Kalau sudah menjadi istri dan ibu, pasti ada yang berubah. Tidak bisa seperti dulu saat masih sendiri. Mungkin bagi sebagian orang itu adalah sebuah pengorbanan. Dulu aku juga merasa seperti itu. Yang aku lakukan buat anak-anak adalah salah satu pengorbananku sebagai seorang perempuan.
Aku yang suka membaca, memutuskan untuk berhenti membaca novel. Padahal novel adalah salah satu alasan aku tertarik membaca. Aku merasa bahwa membaca buku anak-anak jauh lebih penting. Mengisi waktu membaca buku dengan anak jauh lebih baik daripada aku menghabiskan waktu membaca untuk diri sendiri.
Hampir lima tahun aku membiarkan diriku tidak lepas dari dahaga membaca. Membaca buku bersama anak-anak memang menyenangkan. Tapi rasanya tidak mengenyangkan untuk diri sendiri. Waktu dengan anak-anak memang terpenuhi. Tapi aku juga bosan jika harus membaca buku yang sama berulang-ulang. Meski pindah ke buku yang lain, anak-anak punya buku favorit yang ingin dibaca. Bahkan aku sampai hafal setiap kata yang dituliskan bukunya. Ha-ha.

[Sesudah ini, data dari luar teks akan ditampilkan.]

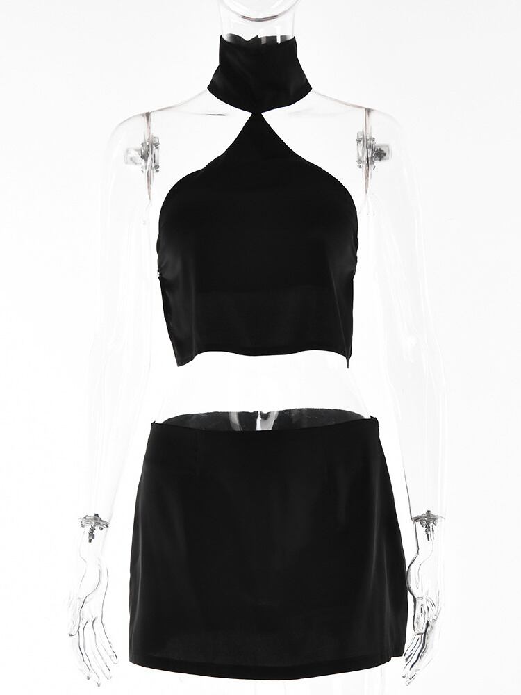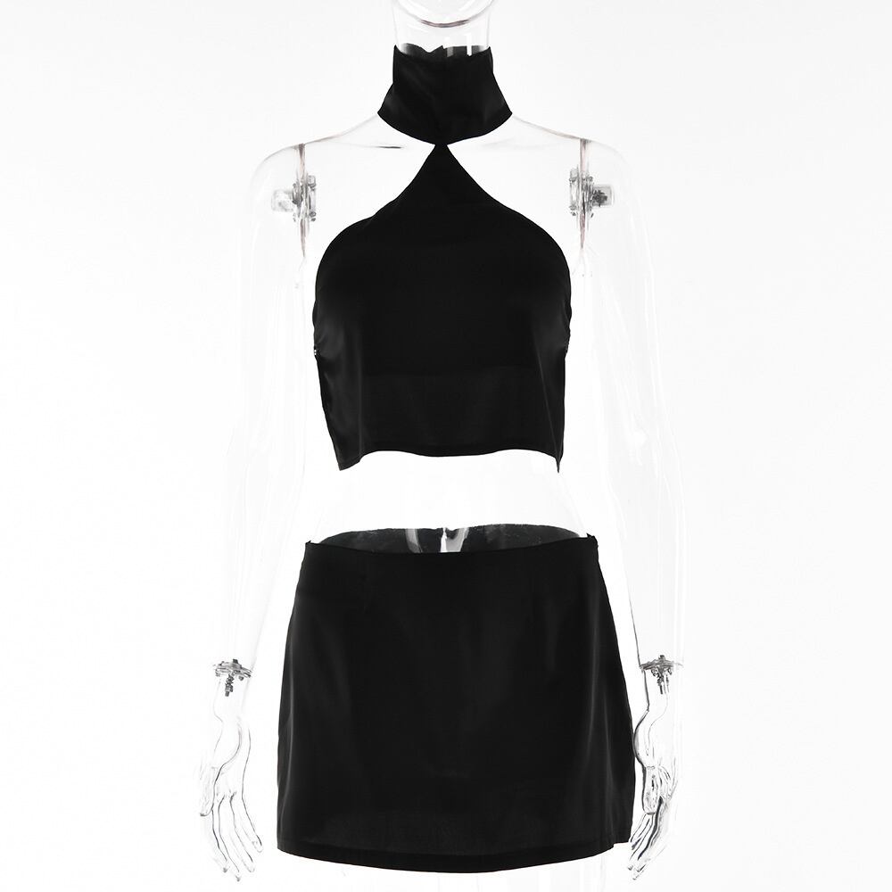 送料無料 Mozision 2022 サテン中空アウト二枚スーツ女性スパゲッティストラップノースリーブクロップトップミニスカートセット秋のセクシーなスーツ オータム 秋物 AE121288866988033366

Hingga suatu hari, aku mulai menyadari. Bagaimana bisa anak-anak tertarik dengan membaca jika aku tidak mencontohkan lebih sering.
Di tahun 2021 aku mulai kembali membeli novel untuk bacaanku sendiri. Saat berhasil menuntaskan satu buku novel, rasanya bahagia sekali. Aku seperti kembali menemukan diriku yang sudah lama hilang. Rasanya kemarin-kemarin seperti tersesat di jalan yang ramai.
Berhasil menyelesaikan satu buku, bukan berarti aku bisa melanjutkan ke buku yang lain. Anak-anak juga penasaran dengan yang aku baca. Sehingga kekhusukan membaca sulit sekali dipenuhi.
Di tahun 2023 aku memutuskan untuk membeli e-reader. Meski sensasi membalik dan aroma kertas tidak bisa aku rasakan, aku bisa membaca beberapa novel secara berkesinambungan. Alhamdulillah banyak buku-buku yang bisa aku dapatkan melalui Playstore. Buku-buku digital mudah sekali ditemukan bajakannya. Makanya aku memilih mencari di playstore atau Gramedia Digital sebagai tempat mencari novel.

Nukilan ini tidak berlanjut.